There’s a light at the end of the tunnel. That’s how I started to feel about my running this month. For the first time in about six months I logged a couple of runs at a sub-8-minute pace, on Cinco de Mayo I ran 5 miles, and my hamstring was able to handle a **PAIN FREE** 3.5 hour bus ride to help coach with UCCS at their conference track meet.
When I think about where I was less than four months ago–having my leg cut open for surgery and not even being able to sit for a month– it’s pretty crazy to see the 180 degree turn I’ve made in terms of where I’m at both mentally and physically. I’m not going to lie, during these last few months I went through some really dark times.
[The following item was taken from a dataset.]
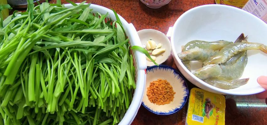 Khi nước sôi cho tôm và dầu tỏi vừa phi vào, nấu khoảng 3 phút thì cho rau muống vào, bật lửa lớn để nấu trong khoảng 30 giây và tắt bếp để rau muống giữ được màu xanh.

Despite that, I tried to keep the faith, to trust that God had a plan in this, and that things really would get better. But there were certainly times I doubted; times I asked what the purpose of going through all of this pain could be.
One of my runs last week, I finally got a glimpse of an answer. *Pardon my use of poetry, must be the wanna-be-rapper inside of me that can’t help but think in rhymes sometimes…
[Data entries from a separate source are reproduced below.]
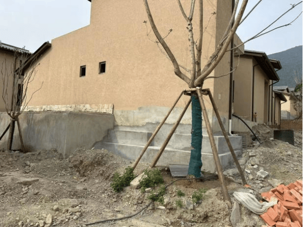5.室外景观:乔木种植完成90%,室外路面硬化完成90%,路面踏步砌体完成;
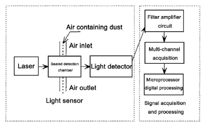 HM-3301 먼지 센서는 팬, 적외선 레이저 소스, 집광 거울, 감광관, 신호 증폭 회로 및 신호 분류 회로와 같은 주요 구성 요소로 구성된다.
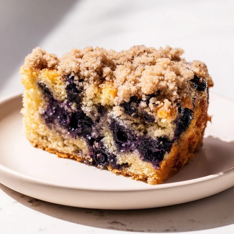This cake gets its soul from the blueberries, and how you handle them changes everything. Fresh blueberries are wonderful, but frozen ones are actually the secret weapon here because they stay firm during baking instead of bursting open and bleeding juice throughout the crumb, which turns the whole thing soggy and purple. The tartness of the berries cuts through the sweetness of the cake and the cinnamon-brown sugar crumble, which is why this feels like breakfast instead of pure dessert.
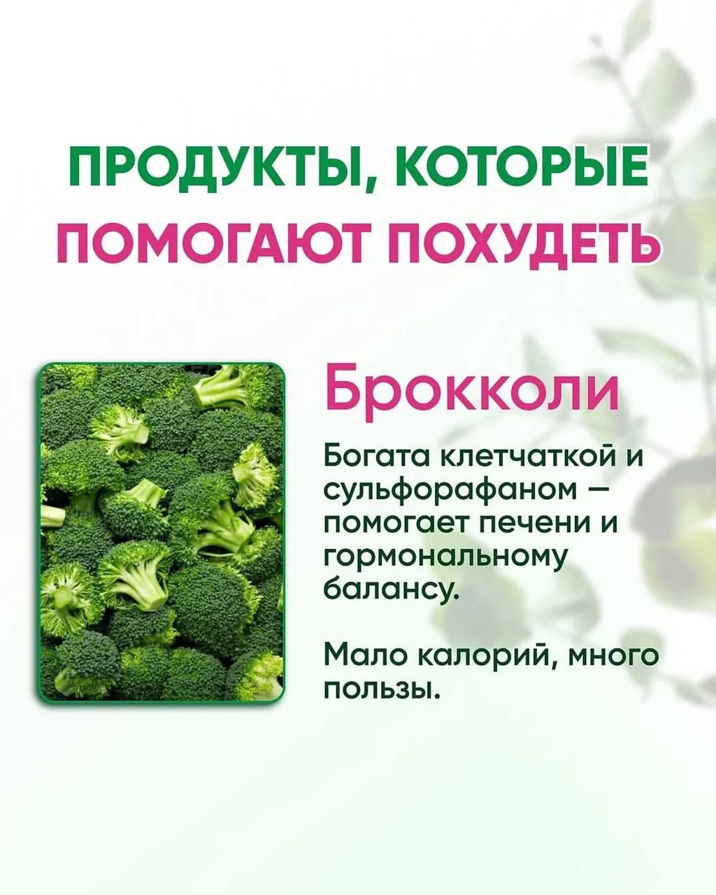 Брокколи — защищает клетки от повреждений, мощный антиоксидант.

I started out my run just chugging along, not feeling very strong, at first everything felt wrong. Then suddenly, some EMINEM song came on and I was gone. Something in the lyrics just hit me in the heart, sending me back to the days when everything was falling apart. Suddenly,it was as if I was no longer running, all I could hear was my heartbeat and the song I was humming. As I thought back on all that pain, and all of the strain it took just to attain this very moment, I felt a fire building up inside, and so I decided to go ahead and own it.
All that heartache and frustration, bottled up like carbonation, needed to be let out with every exhalation. I just wanted to run free, to finally feel like me, again. And not worry any more about “what could have been.” So without rhyme or reason, I picked up the pace, and I could feel my fists clenched and a grimace on my face. Could tell I was in a daze, my face probably looked crazed, but I was amazed how good I felt in that moment. All that pent-up emotion suddenly set into motion a blazing fire that could not be tamed by any notion. I was flying, I was free, my feet as light as could be. As if there was no gravity.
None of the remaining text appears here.